I’VE always thought that the British royal family is a matter for the British people.
If they wish to have someone live in a castle or a palace, to have people by virtue of birth be a prince or a princess, have an occasional lavish wedding, then that’s up to them.
If they wish to have their own real-life Disney fairytale, then that’s up to them.
They aren’t the only people in the world who do it and, God only knows, there are far worse things out there.
Maybe there aren’t many things as silly but there are many things far, far worse.
I’ve never thought, either, that, beyond the pages of celebrity, the royal family warranted much attention.
I don’t think, for instance, that in terms of society and justice and fairness that they signify much.
I don’t think, in effect, that they really matter.
Not that I’d like to give you the impression the Irish are disinterested in them.
There is a fascination in Ireland with the British royal family and there is, despite our past, affection. The Queen’s visit to Cork, the rebel county, was a clear example of that.
But, as of Harry and Meghan’s recent celebrity interview with Oprah Winfrey, if I’m asked do I believe the British tabloid press is bigoted and the upper echelons of British society are emotionally stunted then I only have one reply.
And that is, is the Pope still Catholic?
That the Society of Editors in the UK should be so quick and so high profile in condemning the couple’s words is laughable.
Ian Murray, the Executive Director of the Society, kept a straight face when he stated that ‘the UK media has never shied away from holding a spotlight to those in positions of power, celebrity or influence. If sometimes the questions asked are awkward and embarrassing, then so be it, but the press is most certainly not racist.’
And he said this, remember, of The Daily Mail, The Sun, The Star, The Express.
He said, in those words, that the Daily Telegraph, staffed and written by cheerleaders to Boris Johnson, was ‘holding a spotlight to those in positions of power’.
Yes, indeed, but only in the way that PR lights are set.
He said this about a press still under the sway of Rupert Murdoch’s ethics, which went as low as hacking the phone of a murdered schoolgirl.
After Trump there is, of course, a sensitivity about lazy, self-serving, untruthful criticism of the media.
But that doesn’t mean there isn’t lazy, self-serving, untruthful media.
The British tabloid press is sensational and hysterical and that’s a given.
That’s the nature of a tabloid press and is sometimes harmless and sometimes funny.
But if Prince Harry, a direct product of systemic imperialism and colonial racism, says the British media has ‘colonial undertones’ Murray insistence of the press’ ‘vital role in holding the rich and powerful to account’ is a laughable response.
So it is little wonder that Murray resigned from his position with the Society just days after he made his statement.
As for the estrangement and coldness Harry clearly encountered in his own family, well, is that really so surprising?

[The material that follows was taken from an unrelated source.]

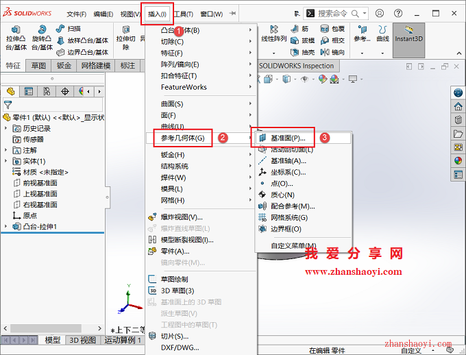 2、第一步,创建新基准面,将鼠标放到界面左上角的SOLIDWORKS图标处,点击上方菜单栏中【插入】→【参考几何体】→【基准面】;

The upper echelons of British society are, essentially, much like the unfortunate lower, abandoned echelons.
They are both brought up in care.
One is, of course, a very expensive version of the care system, but it is still one lacking in emotional development.
It is not a coincidence that only seven per cent of the British public share this educational care system - as experienced by the likes of both Princes, Boris Johnson and Jacob Rees Mogg, who all went to the same school - but that 51 per cent of leading journalists did too, as well as 80 per cent of top newspaper editors.
So the response of the Society of Editors becomes more comprehensible when it can be seen that Prince Harry’s words are more of a betrayal to them than most other people.
I’m fairly sure that in the long run of things this is a celebrity storm more than anything else.
But after the self-flagellation of Brexit, this expose of the very highest examples of British life from within the very highest examples of British life does suggest a country fighting with itself.
It couldn’t be true, could it, that beneath all of those Union Jacks and all of that swaggering nationalism, that the British don’t actually like themselves very much?